First off no laughing allowed. This is my first drag car,have been an oval racer. 68 camaro on a custom chassis


----------



## edward 2 (Oct 6, 2010)

are you useing a esc or servo linked switch? for power.


----------



## Sundance (May 5, 2003)

I am using an old out dated esc. Was at the Big Dog Nationals in Lynnwood Ill this week-end and saw micro switches being used in the bracket class.


----------



## edward 2 (Oct 6, 2010)

how did you do?
was it a 1/4 or 1/8 mile strip?


----------



## Sundance (May 5, 2003)

*=(*

full 1/4 plus shut down. 132 ft, great racetrack. Had a blast pulled a .386 on a .40 light and broke out by.110. The quickest I ran all week-end.


----------



## mojo mcvee (Jan 1, 2008)

By looking at the pic of your car the body must be the HPI camaro vta body right?.What chassie are you using for it and can you add pic's of it?. Thanks


----------



## edward 2 (Oct 6, 2010)

as i don't have a drag strip to go to. i do watch full size drags on tv.
how do they list rc bracket class's.
do they have class's in more than 2sec.?
based on motor and car size.
for 132ft
or 66ftft
i have a t4 truck (19t brush motor,4600mah nimh) that can do a 5.58 lap on the dirt oval i run on.
so i think it should do near 4.0sec in the 1/4 drag?


----------



## Sundance (May 5, 2003)

*mojo mcvee * you are correct on the body. The chassis is one that i made out of an old 10L3 cut out a new main plate and went from there I'll get a picture of it. I like the bracket claas as I can run what I want as long as the general rules are ment.

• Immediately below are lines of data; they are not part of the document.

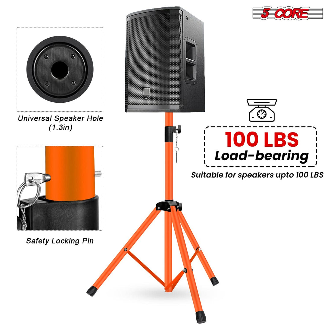 Elevate your sound with our height adjustable tall studio monitor stands, ranging from 40 to 72 inches. Built from durable steel with reinforced joints and anti-corrosion paint, it supports up to 100 lbs. The tripod floor speaker stands featuring a universal 35mm pole mount, it's perfect for mounting most speakers, studio monitors. The anti-slip design with tripod legs and non-slip rubber caps on the PA stand pole mount ensures superior stability. Secure your setup with the knob-style tension locking system and sturdy metal pin for safe raising and lowering. This heavy duty DJ stand Tripod ensures reliable performance for every event. |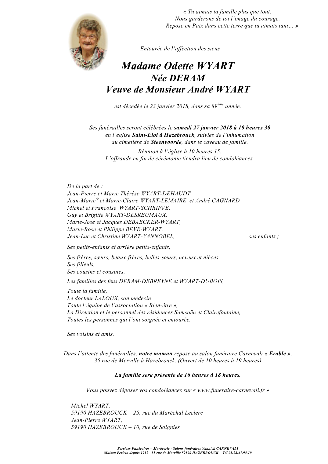 Veuve de Monsieur André WYART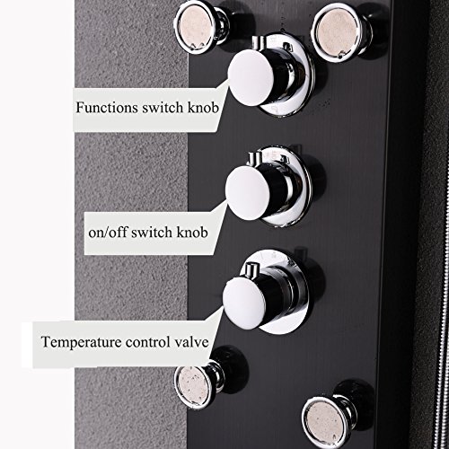 - 60" Thermostatic shower Panel System, 5 functions: overhead rainfall,waterfall,massage jet,handheld shower,tub spout, every function works independent to keep water pressure.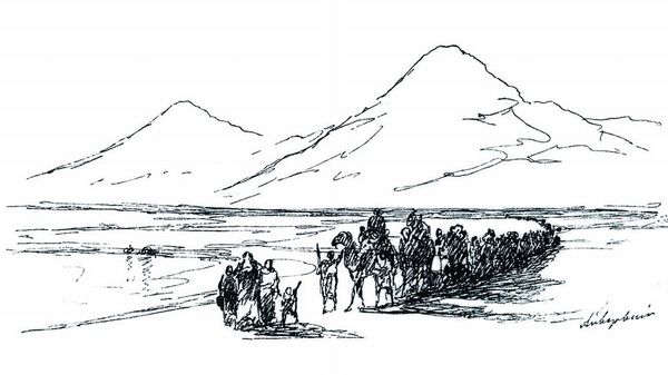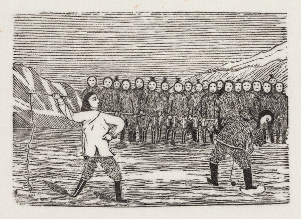 This small woodcut print, titled “The Tale of Ungilatake,” was created by Markus Lynge, an artist born in Greenland in 1816. Lynge’s images offer a window into 19th-century Greenlandic life, at a time when the indigenous culture was under pressure from Danish colonization. Here we see Ungilatake, a legendary Greenlander, celebrated for his strength and hunting prowess. The print depicts Ungilatake feeding a polar bear and another animal he has single-handedly captured. Lynge's work exists in a tension, embodying both the traditional Inuit way of life and the influence of European artistic styles and colonial presence. Consider how the community gazes upon Ungilatake. Are they admiring his strength, or is there a sense of concern about the changing world around them? Lynge's narrative resonates even now, prompting us to reflect on the legacy of colonialism and the resilience of indigenous cultures in the face of cultural change.
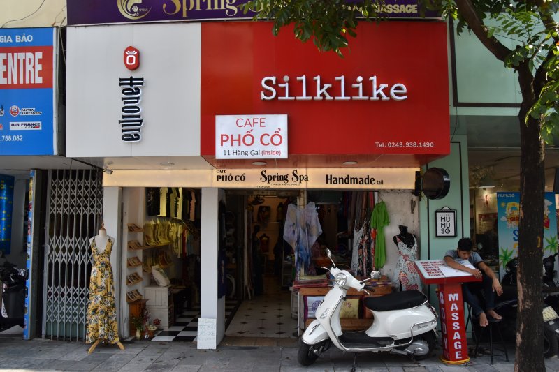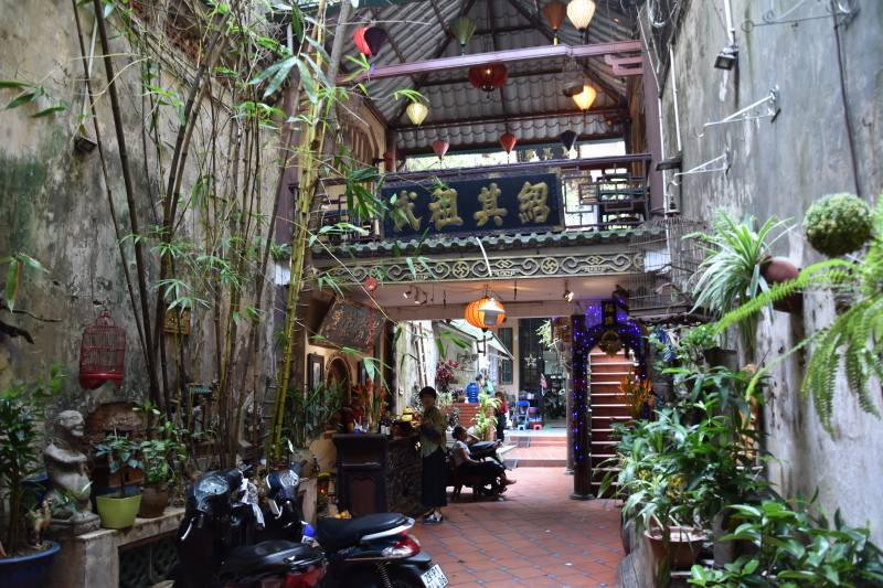 眺望がすばらしい。ホアンキエム湖をまじかに見える景色が広がっていた。ハノイの旧市街にあるが、入り口がわかりにくい。シルク屋さんがあって、外見はその店としか思えない店なのだが、よく見ると、シルク屋さんの看板に含まれるように店名がある。そこで自信をもって店内に入ると、奥に細い通路があり、そこを進むと中庭のような場所がある。左にあるカウンターで飲み物、食べ物を注文して、その右側にある階段を上がっていく。二階へ、三階へ、さらに螺旋階段で四階へ上がると、そこがこのカフェなのだ。テーブルが並んでいて、奥へ行くと、眺望が開け、ホアンキエム湖がみえる。意外な眺望が開けるので、それだけ価値がある不思議なカフェだった。隣にあるビルの屋上に最近建造物ができ、それができる前は、もっと眺望がよかったそうだ。ベトナムコーヒー3万ドン(150円)だった。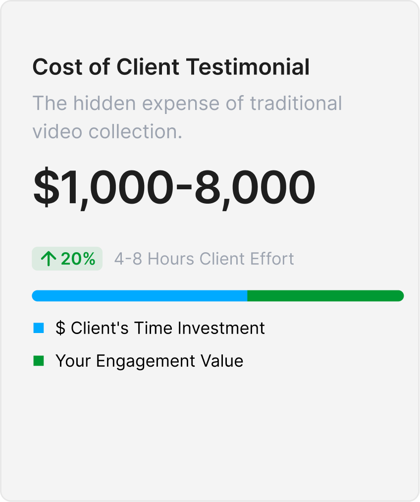 Traditional video testimonials are logistically impossible. DIY requests have <10% completion. Professional production costs $2,000-$15,000+ per video.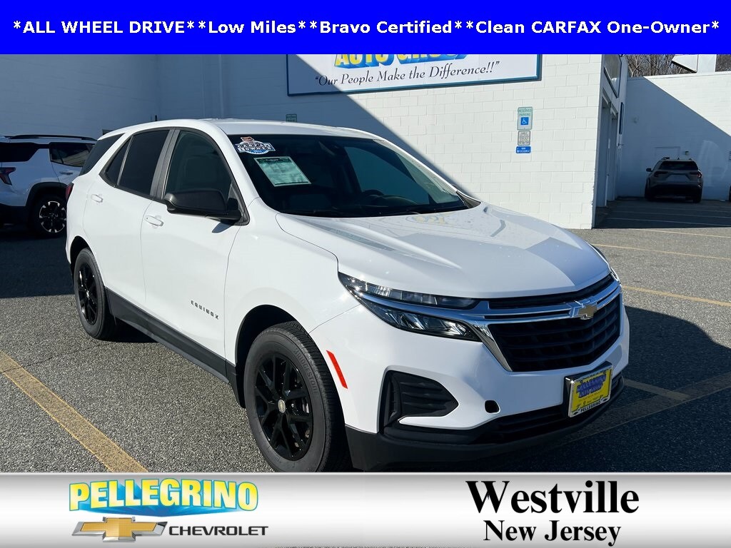 **ALL WHEEL DRIVE**Low Miles**Bravo Certified**Clean CARFAX One-Owner** Summit White 2022 Chevrolet Equinox LS AWD 1.5L DOHC, LS Convenience Package, Power Drivers Seat, Bluetooth, XM radio, Rear View Camera, 17" Aluminum Wheels and Much More..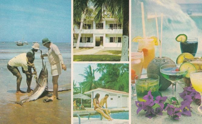 ts65 A rare 1980s postcard of fishing and other activities including drinking long cocktails at Shelly Beach Hotel in Kenya unused and in outstanding virtually mint condition

*edward 2* Bracket you set your dial-in and go I race a 4.012 car and I raced a 1/4 scale car . You may race a top fueler or a door slammer. Its all based of of dial- in I dialed in at 3.450 and ran a3,340 I went to fast was DQed. In bracket its run what ya brung. =)


----------



## benalmeer (Oct 17, 2012)

I love rc cars


----------



## galanoola (Feb 27, 2014)

thats cool


----------



## Smokinfour (Nov 25, 2013)

cool!


----------



## mojo mcvee (Jan 1, 2008)




----------



## albie (Oct 3, 2001)

Drag strip is 132 ft


----------



## AlexBoyKing (Apr 6, 2017)

@mojo mcvee - Thanks for sharing bud. That Chevy looks killer!


----------